In addition to her close work with Suri, Ye cites assistant professor of marketing Elea Feit for her influence on Ye’s knowledge of the quantitative side of marketing. “She’s able to explain complicated things in a very simple way,” she says. An upcoming project will see Ye collaborate with Feit on a conjoint study, looking at tradeoffs between different combinations of product features.
Her primary research interest is in sensory marketing, especially related to color. One recent project, which she presented at the Association of Consumer Research conference in 2018, looks at the color of sale signs: “I wondered, why are they all in red and not another color? Do people associate red with being on sale?” She subsequently devised an experiment using a self-designed flyer contained 16 pairs of prices and product images; on only one, the price is listed in red. “I asked the participants, which product is on sale? I didn’t mention the discount.”

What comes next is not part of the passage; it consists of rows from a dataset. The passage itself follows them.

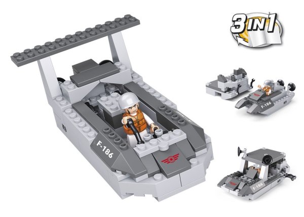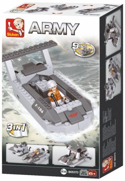 Ministavebnice vojenské techniky ze série Army 9into1, jejíž kompletací vznikne možnost sestavit velký ucelený model letadlové lodě. Inovativní stavebnice Sluban je možno kombinovat s podobnými stavebnicemi mnoha dalších významných výrobců. Jsou vyráběny z kvalitního, nezávadného a odolného ABS plastu. Každá stavebnice je opatřena návodem k sestavení a balena v pestře potištěné papírové krabičce. Hlavní vlastnosti:97 dílků, 1 figurkanízká obtížnost3 varianty sestaveníkompletací série lze sestavit velký modelinovativní figurky s otáčivými i výkyvnými částmi tělkompatibilní se stavebnicemi dalších výrobců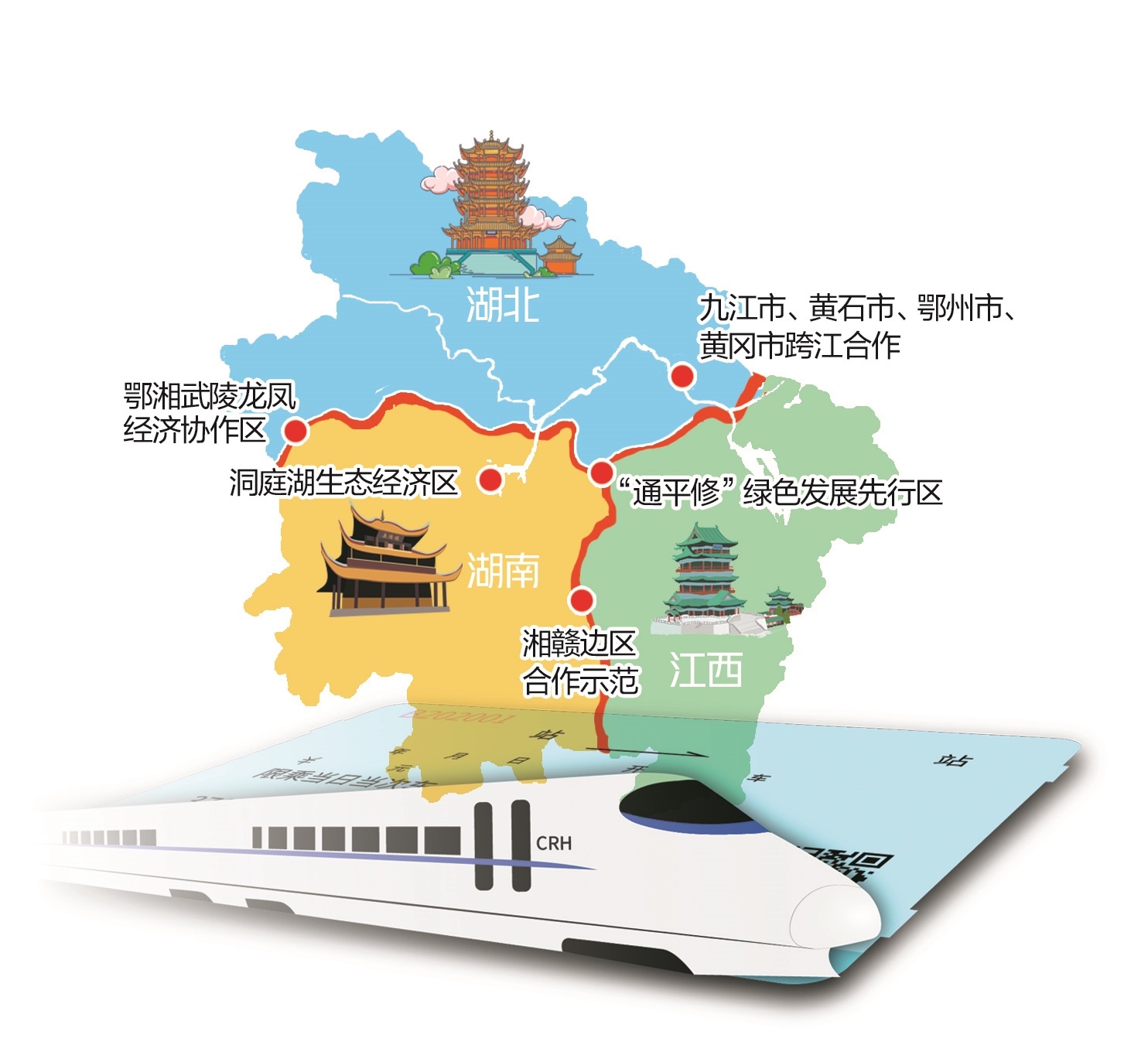 协议明确,三省将共建长江中游生态绿心,共建长江中游区域交通枢纽,共建长江中游文旅一体核心区,共建长江中游产业协同示范区,建湘鄂赣革命老区振兴发展示范区,重点实施生态环保、基础设施、产业发展、城乡协调、公共服务五个一体化工程。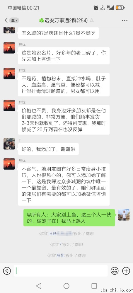 正准备睡捉了,突然听见我的手机噼里啪啦、叮叮当当响,信息一大堆,很不寻常!凭借我多年以来的职业敏感,我断定又是半夜搞诈骗的来了!我打起十二分精神,起身下床,拿出手机翻开来,连夜出击! 在我打开微信一看,果不其然!几个人在我远安万事通的群里刷屏忽悠人,真是在太岁头上动土,找死!他们挺狡猾的,合起伙来串台词,假借中医养胃健康调理,一唱一和的在那儿假演,去年就有类似的骗局出现过,不知道的,很容易白白损失钱财!最可恨的是,两个诈骗同伙是被远安旧县一网友拉进来的,这就很过分了!都说中国人不骗中国人,结果上当受骗的没有一件是外国人干的! 作为群主,我有责任和义务维护正义、监督群聊!我越想越气,索性把聊天截图和旧县网友账号公布出来,通过临沮论坛公布于众、进行曝光,也把这三个人及时踢出群了,避免再有远安老乡上当受骗!也希望大家多多支持我的善举,在此谢过!我是董家瑞,小飞侠家政的老板,我也是星辰房地产的卖房小董。今天我鼓起勇气实名揭露,就是为了更好的帮大家守住钱袋子,我不希望再有人被这种龌龊而又老套的中医骗局给骗了,需要就医和养生,请通过正规渠道!毕竟当下的大环境依然不好,我们每个人挣的每分钱都十分不容易!!小董再次提醒大家:看我发的截图,提醒身边朋友,别再上当受骗!!!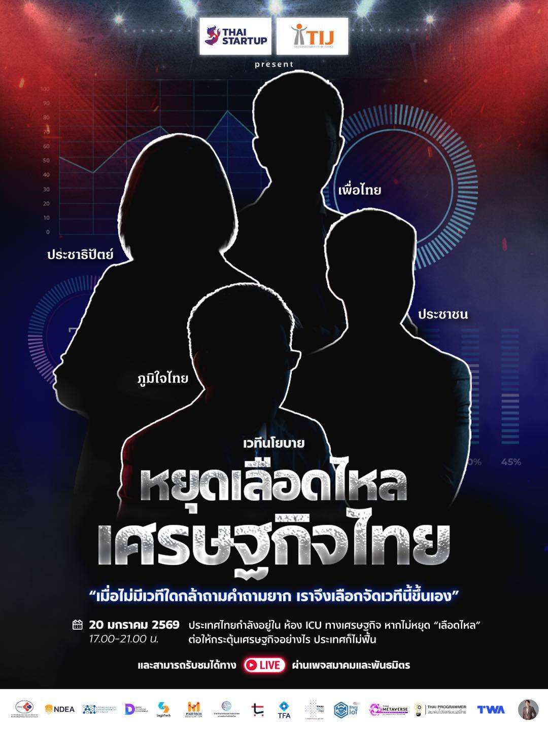 เวทีนี้ TIJ ร่วมมือกับ 13 สมาคมฯ จากสายเทคโนโลยี เอสเอ็มอี องค์กรเพื่อผู้บริโภค และ ThaiPBS ร่วม Live เสวนา พร้อมผู้ติดตามกว่า 5 แสนคน

The majority said the red one, and Ye wondered if this trend would have an influence on the surrounding products in the flyer as well. She plans to do experiments using eye-tracking technology to further study people’s perceptions of this phenomenon.
For Ye, new ideas for research topics and experiments seem to come to her all the time. “My undergrad was in history, and I was supposed to be a high school history teacher,” she says. “During my undergrad I was very involved in the arts and entertainment industry, and I worked with a lot of graphic designers, dancers and musicians.”
She first came to the US in 2014 for master’s studies in arts management at Columbia College Chicago and planned on a career as an artist manager, but after a class that touched on behavioral economics, she changed course once again. “I looked up articles, and the more that I read, the more that I felt I want to know much more,” she says.
Ye’s background in the arts has provided her with skill in video and audio editing videos, which she’s used in preparing experiments and in communicating with corporate clients, and she has an eye toward working with visual art students from the Westphal College of Design. As new collaborations come along, she remains open to all kinds of new discoveries: “I think everything is related.”